Na sequência das propostas apresentadas a sufrágio o Governo anunciou as concretas medidas de redução da carga fiscal em sede de IRS. O valor de redução operada de receita ronda os 300 milhões de euros, o que, no quadro do atual compromisso das contas certas, nos parece razoável. O que não nos parece razoável é que a redução não abranja os contribuintes do 9.o escalão, cujo rendimento líquido anual ultrapassa 80 000,00€. Importa reter alguns dados. Com o procedimento de ajuda financeira internacional, uma das imposições da troika foi o aumento da carga fiscal, nomeadamente sobre o rendimento das pessoas singulares. Desta imposição resultou um “aumento brutal” dos impostos que se localizavam com especial incidência nos contribuintes de rendimentos mais elevados. Nesta ocasião, para além de se agravar a taxa do último escalão, foi criada a sobretaxa e a taxa adicional de solidariedade e desde então os contribuintes com maior expressão quantitativa de rendimentos têm sido penalizados com um sacrifício imposto em 2012 em resultado de uma emergência financeira nacional.

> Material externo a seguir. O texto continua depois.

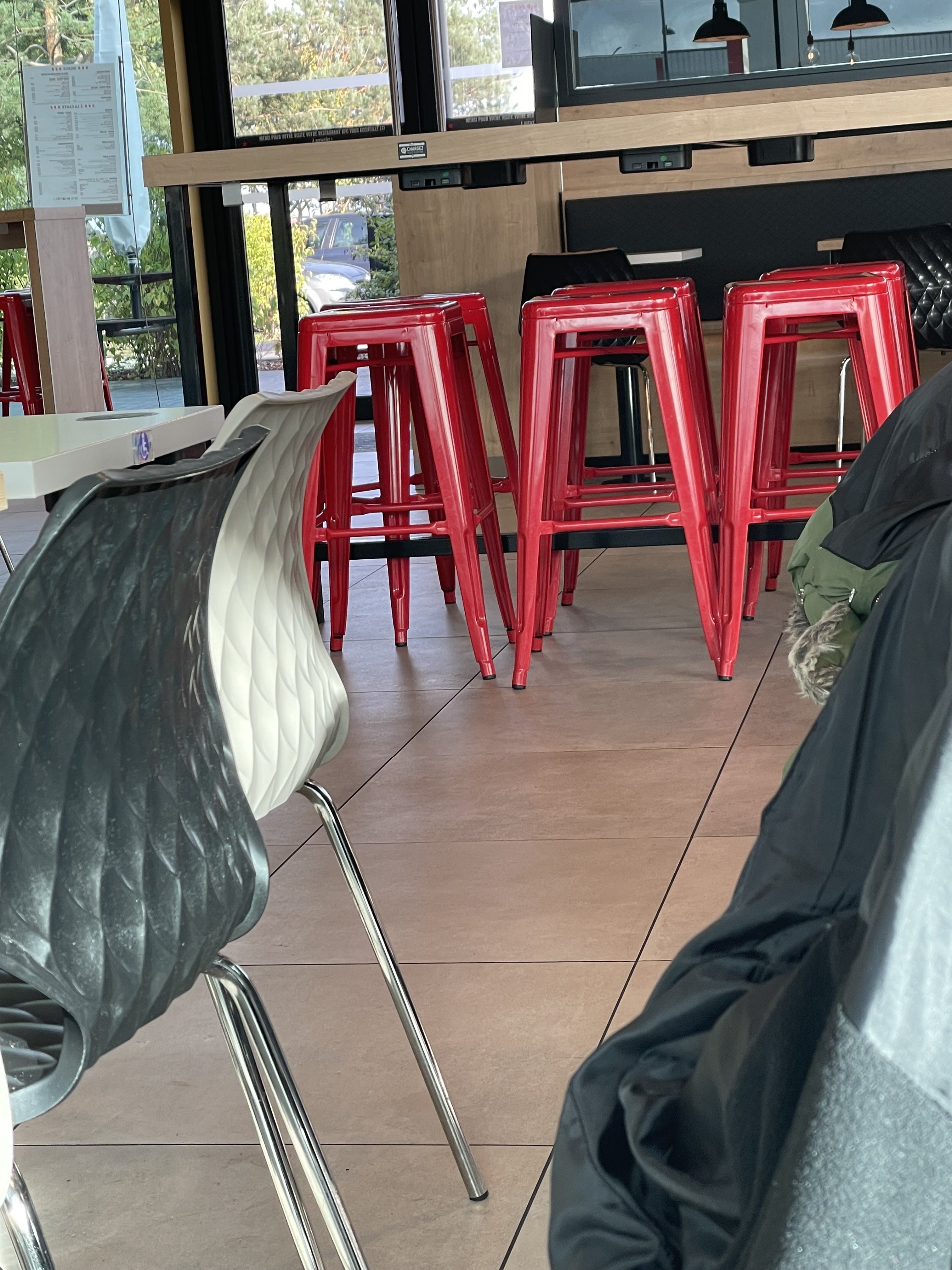 Tellement déçu... Ce n'est plus comme à leur ouverture... Le restaurant est sale (frites au sol côté cuisine, bornes sales...), Le personnel a perdu sa courtoisie... Sur notre commande du jour 1ere erreur je retourne au comptoir la personne me donne l'élément manquant...sans excuses... Je pars du restaurant je démarre et je me rends compte que une des boissons n'est pas à la bonne taille....donc je retourne au restaurant et la même personne récupère la mauvaise boisson et me donne la bonne...pas d'excuses...pas de geste commercial...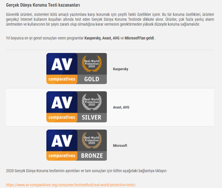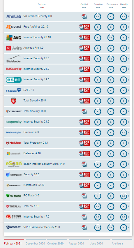 Sitesinde Şubat 2021 için belirli şartlarda testler gerçekleştirmiş, Sonuçlara buradan göz atabilirsiniz 6 olanlar tam puan alanlar. Bu derecelendirmede dikkat edeceğiniz durum, uygulamanın sürüm versiyonu. Eski versiyonda kötü olan bir antivirüs yeni versiyonda çok iyi şeyler yapabilir.
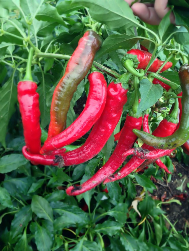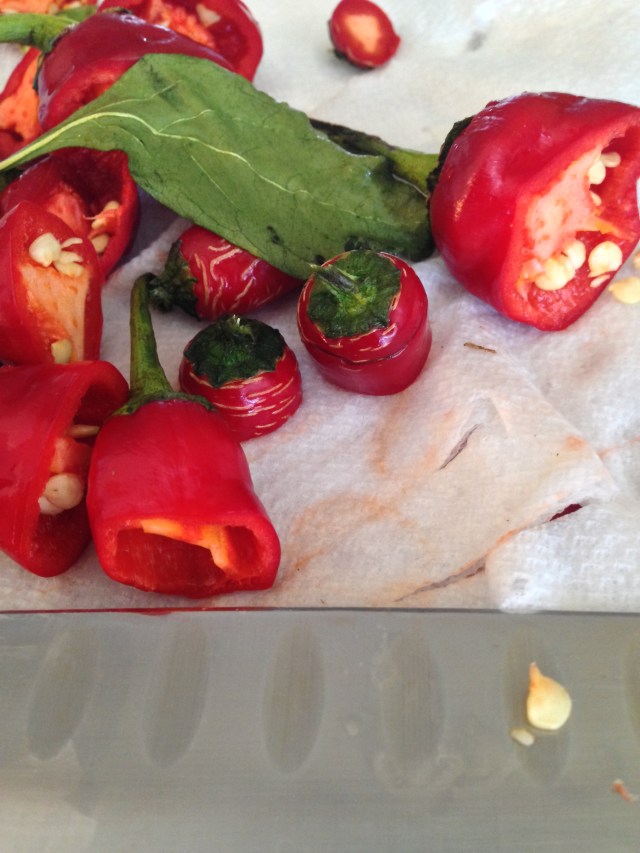 My aunt’s garden was full of different varieties but the cayenne and Thai chili peppers were the most bountiful so I grabbed several of those. I actually was not completely sure if the ones I thought were cayenne peppers were indeed those, but I am now almost certain after checking this great visual guide .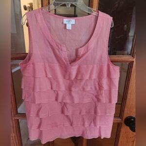 This pink tank blouse from LOFT features a charming ruffled design, perfect for adding a feminine touch to your outfit. The sleeveless style and lightweight fabric make it ideal for warm weather, while the tiered ruffles create a playful and elegant look.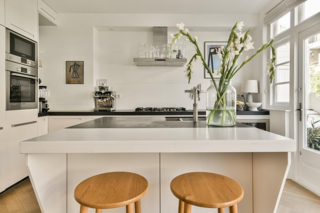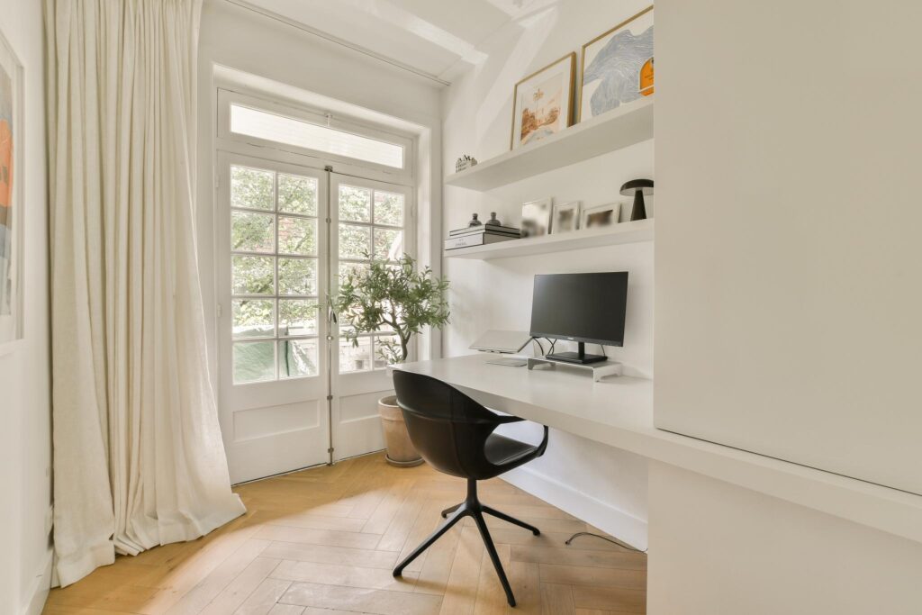 Hall with access to all rooms and equipped with toilet with fountain. At the front of the house you will find the cozy bright seating area with a view of the greenery. The modern kitchen/diner is located at the rear. The kitchen has a five-burner gas stove, dishwasher, refrigerator, freezer, oven, microwave, wine cooler and Quooker. This room also has French doors to the balcony, which runs across the entire width of the apartment. At the front you will also find a nice study/office with a balcony, located on the south.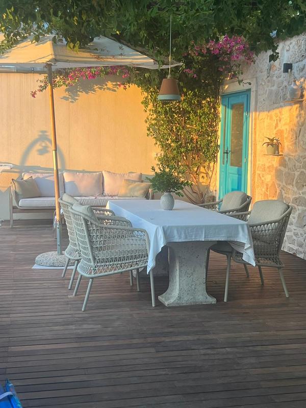 Za hišo se nahaja manjša terasa (15 m2) z mizo in stoli za pet oseb, od koder je pogled na mediteranski vrt (limone, pomaranče in zelišča). Iz apartmaja lahko skozi okna s čudovitimi kamnitimi oboki opazujete morje, barkice ter majhne otočke, ki so raztreseni po turkizni morski gladini.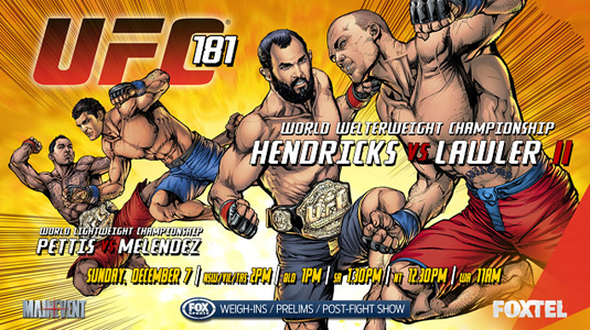 UFC 181: Hendricks vs. Lawler II Results Main Card (on Pay-Per-View) Robbie Lawler def. Johny Hendricks by split decision (48-47, 47-48, 49-46) Anthony Pettis def.…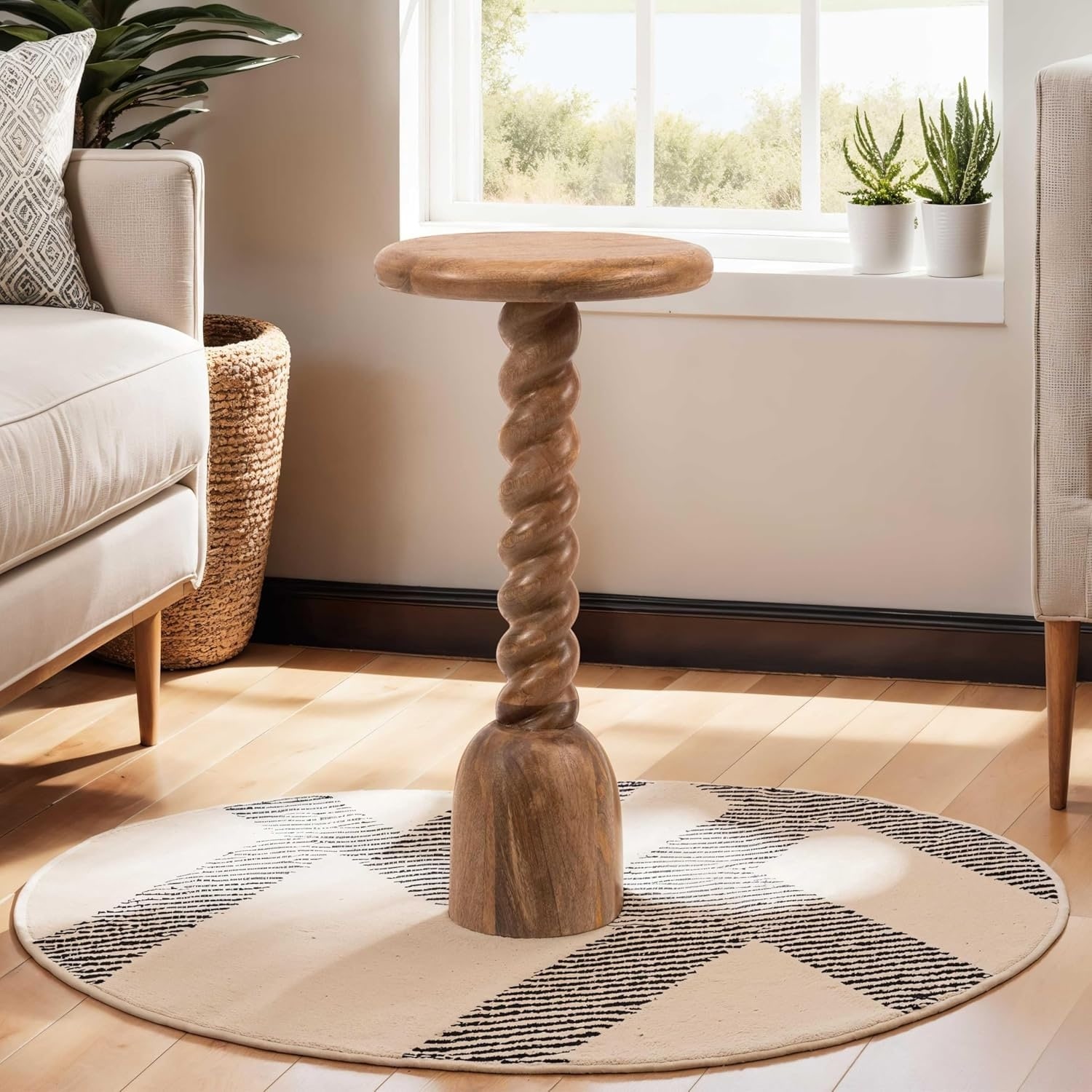 26inch Mango Wood Pedestal Side Table with Spindle Design, Natural Finish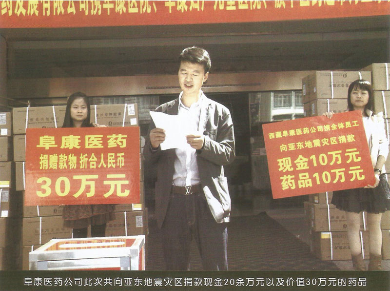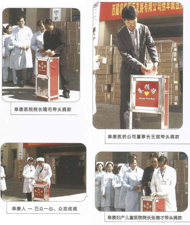 2011年9月8日,印度錫金發(fā)生了6.8級地震,地震造成了亞東縣供水、供電、交通、通信等度全部癱瘓。災(zāi)情牽動所有西藏人民的心,更牽動著阜康人的心。25日,為了支援災(zāi)區(qū),阜康醫(yī)藥發(fā)展有限公司攜阜康醫(yī)院、阜康婦產(chǎn)兒童醫(yī)院以及旗下醫(yī)藥超市舉行了為亞東地震災(zāi)區(qū)捐款儀式。在捐款現(xiàn)場,一箱箱捐助藥品整齊地堆放在起,捐歉員工排著整齊的隊伍有序的走到捐款箱邊,把自己的捐款投入到箱中。

Volvida uma década, os dados atuais são bem reveladores da iniquidade do sistema: 17% das famílias portuguesas suportam 6% do IRS liquidado e 53% do IRS liquidado está concentrado em apenas 6% das famílias portuguesas. Estes dados determinam que mais de metade do IRS arrecadado em cada ano económico é pago por apenas 6% dos contribuintes, o que revela uma assimetria iníqua na distribuição dos sacrifícios em sede de tributação dos rendimentos das pessoas físicas. E percebe-se bem a fonte desta injustiça material. O rendimento coletável superior a 81 199,00€ é tributado à taxa de 48%, a que acresce a taxa adicional de solidariedade de 2,5% ou 5%.Este regime de progressividade agravada foi o resultado do memorandum de entendimento subscrito entre o Estado português e a troika. O que não se compreende é que, uma década após a instituição do brutal aumento da carga fiscal sobre os contribuintes com maior expressão de rendimentos, não tenha havido a coragem de reduzir a carga fiscal do último escalão e atenuar a taxa adicional de solidariedade. Tinha a esperança de que o pacote que agora foi anunciado reduzisse a carga dos contribuintes que, com esforço, suportam há vários anos mais de metade do IRS cobrado, mas o anúncio do alívio fiscal ficou-se pelo 8.o escalão, mantendo a injustiça de um sistema progressivo com um toque confiscatório dos contribuintes com maiores rendimentos.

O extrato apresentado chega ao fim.